It is not surprising that there are so few females in the automotive industry. The automotive trade has always been dominated historically by men. 

Why is this? This may have been due to the physical and laborious nature of the work or because the line of work was passed down through family apprenticeships. In these cases, sons were more likely to be chosen than daughters. The industry has changed a lot since then. 

Women make up about half of the labor force. However, women in the automotive industry comprise only a quarter of the auto manufacturing workforce. They continue to represent an underutilized resource for automotive companies looking to gain a competitive advantage.
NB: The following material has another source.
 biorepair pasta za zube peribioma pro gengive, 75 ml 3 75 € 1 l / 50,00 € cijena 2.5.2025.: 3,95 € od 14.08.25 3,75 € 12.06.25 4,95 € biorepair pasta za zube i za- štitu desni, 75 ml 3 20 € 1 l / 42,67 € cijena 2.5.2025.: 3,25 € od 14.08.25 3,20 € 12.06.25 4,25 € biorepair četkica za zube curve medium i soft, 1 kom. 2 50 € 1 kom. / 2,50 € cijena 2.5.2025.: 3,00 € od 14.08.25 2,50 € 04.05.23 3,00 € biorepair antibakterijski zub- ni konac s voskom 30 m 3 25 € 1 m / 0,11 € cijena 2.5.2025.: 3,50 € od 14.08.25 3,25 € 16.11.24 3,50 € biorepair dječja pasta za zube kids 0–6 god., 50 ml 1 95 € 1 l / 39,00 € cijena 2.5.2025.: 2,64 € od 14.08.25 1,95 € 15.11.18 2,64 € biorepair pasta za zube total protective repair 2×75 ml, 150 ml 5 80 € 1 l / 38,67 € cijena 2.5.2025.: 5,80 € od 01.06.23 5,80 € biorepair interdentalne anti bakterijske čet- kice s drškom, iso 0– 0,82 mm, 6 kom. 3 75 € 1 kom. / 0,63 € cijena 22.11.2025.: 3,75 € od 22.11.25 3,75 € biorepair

For the past several years, Deloitte and Automotive News have been working together to highlight gender issues in the global automotive industry while illuminating the way forward for women in automotive and those who champion them.

Women are rising in the automotive industry: While women are still rare in the field of automobiles, this trend is changing with the advancement of modern cars. More women are entering the automotive industry as cars get smarter and more jobs in this field are tech-based. The U.S. According to the U.S. Bureau of Labor Statistics, 9.9% of automotive repair and maintenance workers are women as of 2019. This increased by 7.3% in 2015 and 1.4% in 1999.
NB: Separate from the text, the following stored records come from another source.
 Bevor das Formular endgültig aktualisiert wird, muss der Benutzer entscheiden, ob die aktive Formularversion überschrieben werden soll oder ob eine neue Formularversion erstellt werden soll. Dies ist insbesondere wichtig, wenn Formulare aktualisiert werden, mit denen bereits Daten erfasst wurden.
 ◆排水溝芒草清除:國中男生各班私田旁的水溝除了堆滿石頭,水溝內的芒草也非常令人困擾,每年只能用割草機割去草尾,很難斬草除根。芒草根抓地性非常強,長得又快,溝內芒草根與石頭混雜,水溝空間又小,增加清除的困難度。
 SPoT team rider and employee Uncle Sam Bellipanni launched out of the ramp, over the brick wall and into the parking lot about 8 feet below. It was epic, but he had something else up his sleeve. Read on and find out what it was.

The Great Women of Automotive History: Although the number of women in the field has increased recently, women’s role in the industry’s history is still very important. Many people have contributed to the invention of vehicles. Others have been an inspiration. There are many, too many to list here. Here are some:


Mary Anderson & Florence Lawrence – Mary invents the first windshield wiper, and Florence Lawrence in 1914, the first turn signal. This was a controversial idea during that period.

Grace Lieblein – Grace started working in a car assembly plant at 18. She was promoted to Vice President of Global Purchasing for General Motors 34 years later. She used her influence to encourage women to get into the field and, if desired, to aspire to high-ranking positions.

Katharine Blodgett Blodgett was both a physicist and chemist. She was the first woman to receive a Physics Ph.D. at the University of Cambridge. Her most notable invention was a thin film that reduces reflections from the glass. This would be non-reflective for our windows.

Alice Ramsey Ramsey was the first woman ever to drive coast to coast. She performed all maintenance on her vehicle during the 59-day drive. This included changing tires nearly a dozen times and replacing brakes. She was also the first woman to be inducted into the Automotive Hall of Fame in 2000.

Danica Patrick Patrick is an ex-professional race car driver with numerous records. She also won numerous Kids’ Choice Awards, encouraging young women to see racing as something they can achieve.

These women have been a major force in the automotive industry. We look forward to more women in this field.